Thursday, June 08, 2006

Stegosaurus

Summer always seems to bring with it these things:

Pregnant women. That's when they all start to come out. Something to do with it being cold in the winter or something.

Ugly tattoos. People are all of a sudden wearing a hell of a lot less clothing and that means that we get to see all the ink that would otherwise be private, sagging, fading wrinkles and all. Sometimes I wonder at the significance of some of them. Are you really sure that the Chinese on your lower back means what it's supposed to, and is it really necessary to have Betty Boop on your ankle? Kim got a unicorn tattooed on her fat ass once and she asked me if I wanted to see it. I said no...
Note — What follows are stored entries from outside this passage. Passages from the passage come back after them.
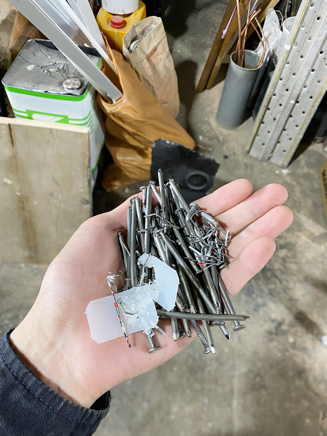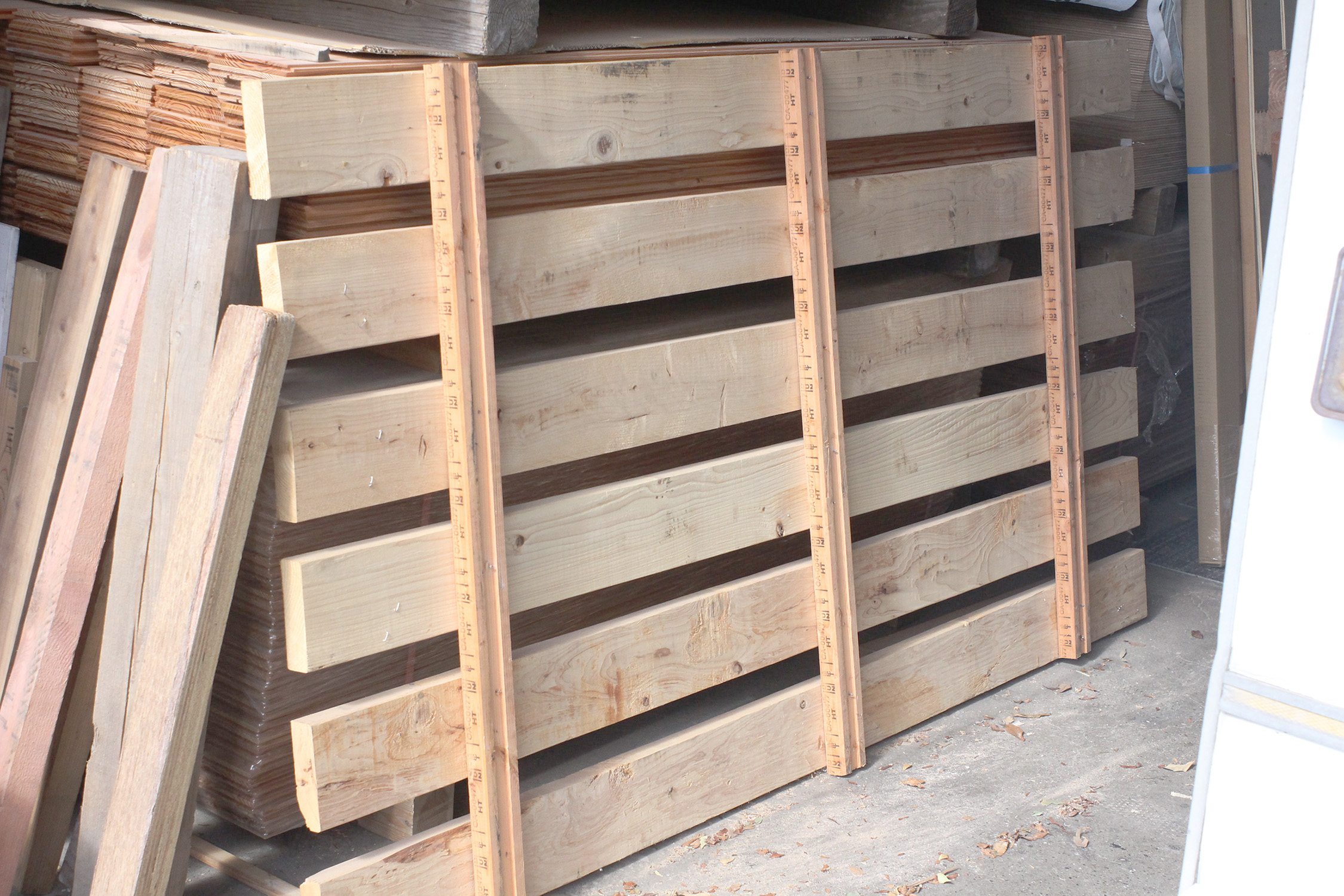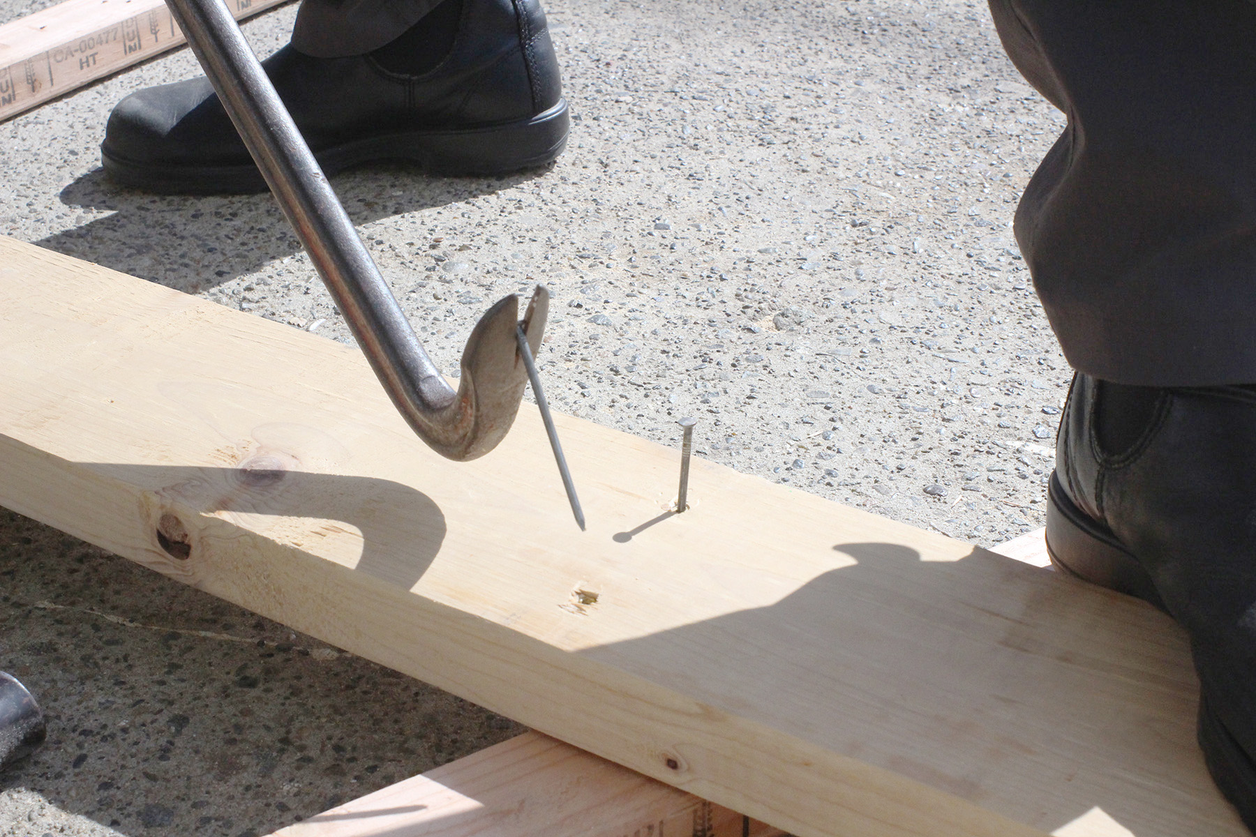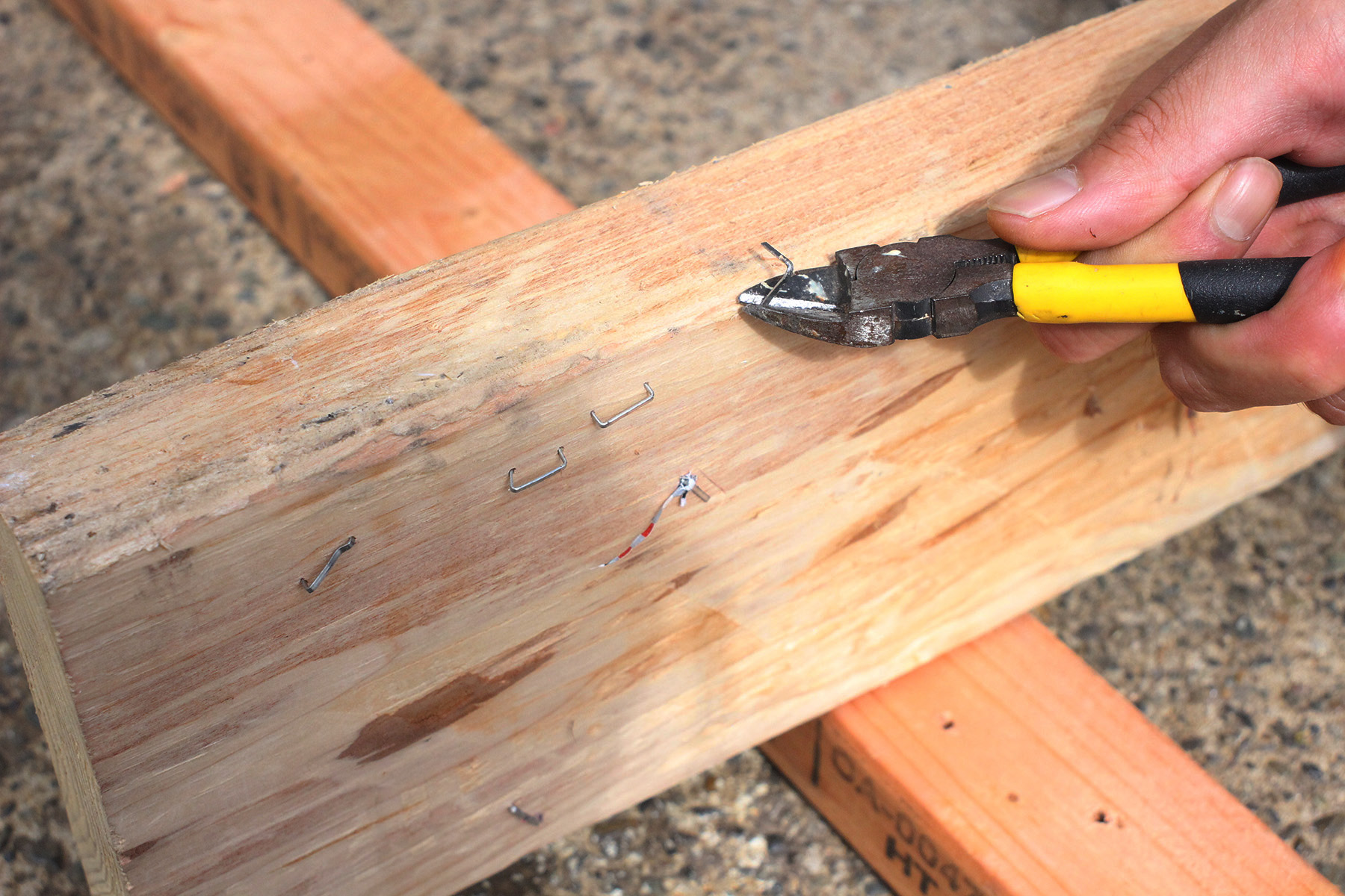 まずはなるべく木の反りがなく、虫に食われていたり、松ヤニが出ていないパレットを選ぶ。一枚一枚、組み立てに使われる釘をバールで抜いていく。錆びたり変形しているものもあるので、なかなかいい汗をかく根気のいる作業だ。さらに小さく細かいタッカーの芯はペンチで除去する。丹念にチェックし、異物を取り除いたらOK。
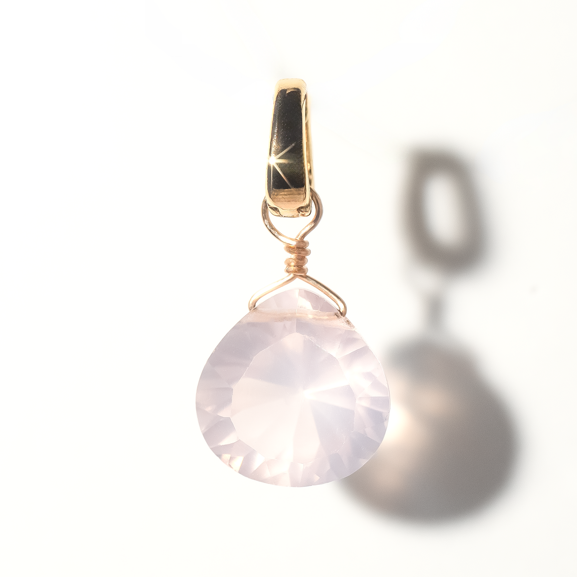 Radiant and delicate with a subtle opaque milky pink hue, this Teardrop Rose Quartz Duet Charm exudes calming, soothing energy.
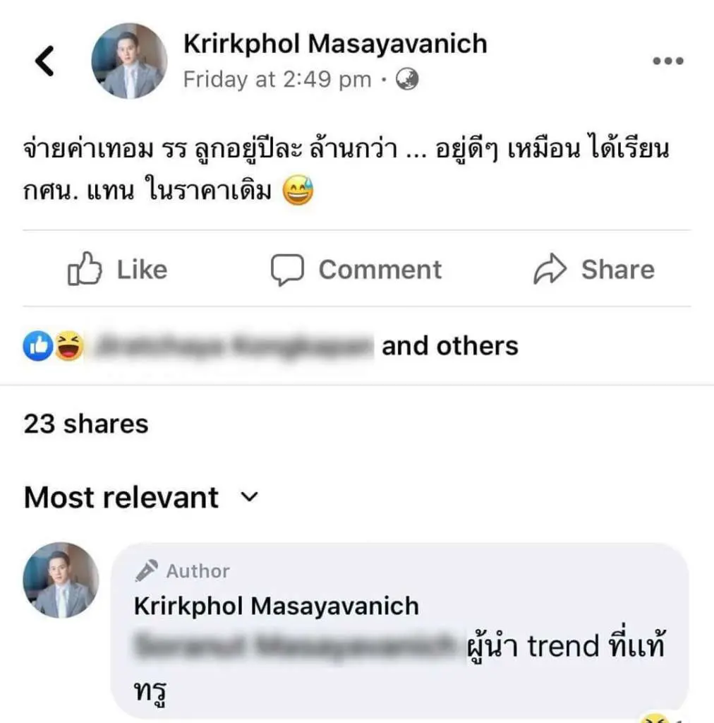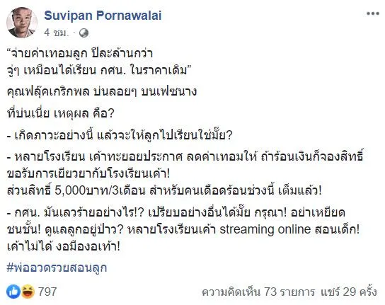 เกี่ยวกับเรื่องเดียวกันนี้ ผู้ใช้เฟซบุ๊ก Suvipan Pornawalai ได้ออกมาโพสต์เกี่ยวกับข้อความในไทม์ไลน์ของเฟซบุ๊ก ฟลุค เกริกพลว่า ““จ่ายค่าเทอมลูก ปีละล้านกว่า จู่ๆ เหมือนได้เรียน กศน. ในราคาเดิม” คุณฟลุค เกริกพล บ่นลอยๆ บนเฟซนาง ที่บ่นเนี่ย เหตุผล คือ?
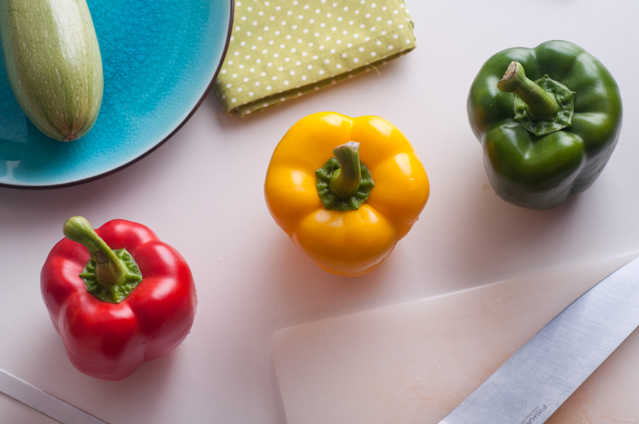 червена, зелена и жълта чушка
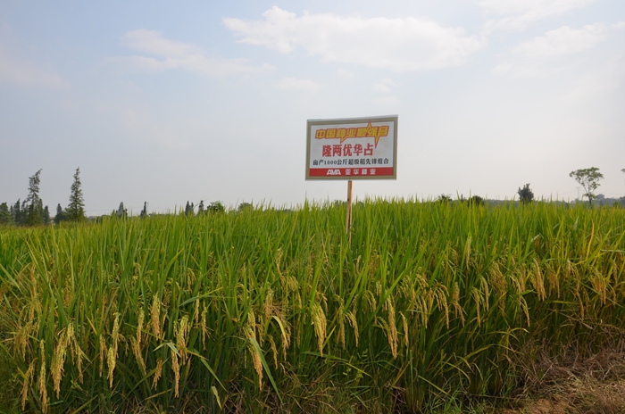 來到田間,一眼便能看見隆兩優(yōu)華占的身影,遠望過去便得到一片贊揚之聲。據(jù)悉,隆兩優(yōu)華占是袁隆平院士第四期畝產(chǎn)1000公斤超級稻攻關(guān)品種,2013年醴陵示范田間袁老師更是稱贊它為“金剛不倒,鐵桿超級稻”。現(xiàn)場經(jīng)銷商們俯身查看稻田,數(shù)分蘗,數(shù)穗粒數(shù),看的格外仔細。一位老農(nóng)機站長激動的說,這么多年來我還沒見過這么好的品種,抗倒又抗蟲,米質(zhì)還達到國家一級米,今后我會作為第一主推品種在我們那推廣種植,把好的品種帶給更多農(nóng)民。

Vintage automobiles. I really like seeing them on the road, especially if whoever has fixed them up has done a good job of it. Few things bother me more than seeing a really old car with spoilers or flames painted down the sides.

Volkswagen kit cars. Yeah, sure it looks like a Rolls Royce but underneath the fibreglass exterior it's just a veedub. You can tell by looking at the taillights. That and they sound like beetles. Doesn't matter though. I still want one. One that looks like a dinosaur. A stegosaurus. They're kind of beetle shaped anyways.

Fat people jogging, which is good, because at least they're doing something about it.

Spandex, which can be both a good and a bad thing.

Roadtrips through the middle of nowhere that always involve cheap motels.

Ubiquitous warnings about E coli and the smell of cremated meat.

Motorcyclists on the road who don't use their turn signals and are just begging to be run over.

To many people illegally in the hov lane.

I was going somewhere with this, I'm sure. Work and sleep deprivation are rotting out my brain. When Aaron jammed the photocopier today I thought it was exciting. That's sad.